To everyone who shared their own losses and challenges, I hold you in my thoughts and prayers and hope that you find peace and serenity and grace in this life.
When my husband had his SAH, our older two kids were a freshman and a sophomore at a large public university. I contacted the university’s Office of Parent and Family Programs to make them aware what was happening in our family and that the kids might have to leave the semester on a moment’s notice. The University was fantastic. Each student was given a 24/7 contact as a point person if needed. They could contact that individual who would coordinate anything needed. They contacted each student’s college within the university. The kids each had teachers stop them after class and offer any help that was needed. It was a great comfort to us, as parents, to know the University had this personal service available.
As a family, we used FaceTime extensively during those first few months. It helped them to see the progress their dad was making and allowed me to read their faces. It helped us feel much more connected despite the distance. Their university is five hours away from home. (They had both ended up at the same University although in different programs.) The experience brought them much closer to each other as well.
Thanks again OP. The same wishes and prayers to you in return.
Dr. Mom, Our son was a sophomore in a large public university and had just finished classes and was entering reading period when his mom died. The Dean of Students’ Office was fantastic, just like you described. They completely supported my son and me in every way imaginable. The biggest challenge was finishing the spring semester exams. Curiously, my son wanted to get them out of the way, as he felt that he couldn’t begin to grieve properly with the distraction of incomplete courses. I had to hold him back a bit and encouraged him to defer exams on his most difficult class, advanced physics, to give him more time to study for his other, easier courses. He felt so much better after finishing the exams. I also think that immersing himself in studying was one way that he coped with this devastating loss. My daughter was a junior in high school, and they were similarly fantastic, allowing her to complete her courses on a flexible schedule and giving her lots of time off for grief counseling and healing activities. I was lucky that both kids were nearby.
Dr Mom,
The more you write, the more I cry.
You are such an awesome parent.
Thank you so much for being a treasure and sharing here along with OP.

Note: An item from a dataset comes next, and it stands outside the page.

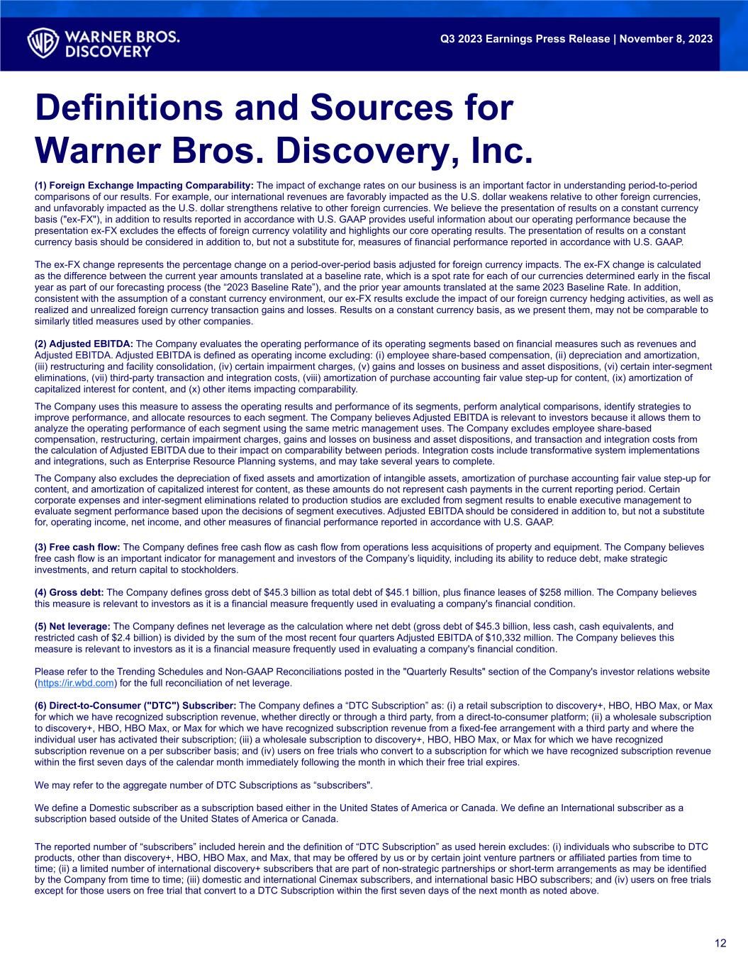 (1) Foreign Exchange Impacting Comparability: The impact of exchange rates on our business is an important factor in understanding period-to-period comparisons of our results. For example, our international revenues are favorably impacted as the U.S. dollar weakens relative to other foreign currencies, and unfavorably impacted as the U.S. dollar strengthens relative to other foreign currencies. We believe the presentation of results on a constant currency basis ("ex-FX"), in addition to results reported in accordance with U.S. GAAP provides useful information about our operating performance because the presentation ex-FX excludes the effects of foreign currency volatility and highlights our core operating results. The presentation of results on a constant currency basis should be considered in addition to, but not a substitute for, measures of financial performance reported in accordance with U.S. GAAP. The ex-FX change represents the percentage change on a period-over-period basis adjusted for foreign currency impacts. The ex-FX change is calculated as the difference between the current year amounts translated at a baseline rate, which is a spot rate for each of our currencies determined early in the fiscal year as part of our forecasting process (the “2023 Baseline Rate”), and the prior year amounts translated at the same 2023 Baseline Rate. In addition, consistent with the assumption of a constant currency environment, our ex-FX results exclude the impact of our foreign currency hedging activities, as well as realized and unrealized foreign currency transaction gains and losses. Results on a constant currency basis, as we present them, may not be comparable to similarly titled measures used by other companies. (2) Adjusted EBITDA: The Company evaluates the operating performance of its operating segments based on financial measures such as revenues and Adjusted EBITDA. Adjusted EBITDA is defined as operating income excluding: (i) employee share-based compensation, (ii) depreciation and amortization, (iii) restructuring and facility consolidation, (iv) certain impairment charges, (v) gains and losses on business and asset dispositions, (vi) certain inter-segment eliminations, (vii) third-party transaction and integration costs, (viii) amortization of purchase accounting fair value step-up for content, (ix) amortization of capitalized interest for content, and (x) other items impacting comparability. The Company uses this measure to assess the operating results and performance of its segments, perform analytical comparisons, identify strategies to improve performance, and allocate resources to each segment. The Company believes Adjusted EBITDA is relevant to investors because it allows them to analyze the operating performance of each segment using the same metric management uses. The Company excludes employee share-based compensation, restructuring, certain impairment charges, gains and losses on business and asset dispositions, and transaction and integration costs from the calculation of Adjusted EBITDA due to their impact on comparability between periods. Integration costs include transformative system implementations and integrations, such as Enterprise Resource Planning systems, and may take several years to complete. The Company also excludes the depreciation of fixed assets and amortization of intangible assets, amortization of purchase accounting fair value step-up for content, and amortization of capitalized interest for content, as these amounts do not represent cash payments in the current reporting period. Certain corporate expenses and inter-segment eliminations related to production studios are excluded from segment results to enable executive management to evaluate segment performance based upon the decisions of segment executives. Adjusted EBITDA should be considered in addition to, but not a substitute for, operating income, net income, and other measures of financial performance reported in accordance with U.S. GAAP. (3) Free cash flow: The Company defines free cash flow as cash flow from operations less acquisitions of property and equipment. The Company believes free cash flow is an important indicator for management and investors of the Company’s liquidity, including its ability to reduce debt, make strategic investments, and return capital to stockholders. (4) Gross debt: The Company defines gross debt of $45.3 billion as total debt of $45.1 billion, plus finance leases of $258 million. The Company believes this measure is relevant to investors as it is a financial measure frequently used in evaluating a company's financial condition. (5) Net leverage: The Company defines net leverage as the calculation where net debt (gross debt of $45.3 billion, less cash, cash equivalents, and restricted cash of $2.4 billion) is divided by the sum of the most recent four quarters Adjusted EBITDA of $10,332 million. The Company believes this measure is relevant to investors as it is a financial measure frequently used in evaluating a company's financial condition. Please refer to the Trending Schedules and Non-GAAP Reconciliations posted in the "Quarterly Results" section of the Company's investor relations website (https://ir.wbd.com) for the full reconciliation of net leverage. (6) Direct-to-Consumer ("DTC") Subscriber: The Company defines a “DTC Subscription” as: (i) a retail subscription to discovery+, HBO, HBO Max, or Max for which we have recognized subscription revenue, whether directly or through a third party, from a direct-to-consumer platform; (ii) a wholesale subscription to discovery+, HBO, HBO Max, or Max for which we have recognized subscription revenue from a fixed-fee arrangement with a third party and where the individual user has activated their subscription; (iii) a wholesale subscription to discovery+, HBO, HBO Max, or Max for which we have recognized subscription revenue on a per subscriber basis; and (iv) users on free trials who convert to a subs

No tears on my account please. Use our experiences vicariously to motivate and prepare yourself and your family for both your personal and financial futures. Behavior trumps math. You can learn all the alphabet soup of finance and play all the math games, but in the end, it is what you do/did that matters. I find accounts like RL’s and OP’s to be very motivating because of how touching they are personally.
Thanks again to the OP and to WCI for posting. WCI, I think this post is an example of when your site is at its best.
Best wishes to all.
I agree it would be wonderful if I had more posts from regular readers like this one.
My mother died when I was a 4th year med student. After reading these posts I realize that Universities have come a long way towards helping students with grief. I don’t think grief counseling even existed in the 80s. I was lucky to be doing electives that did not matter.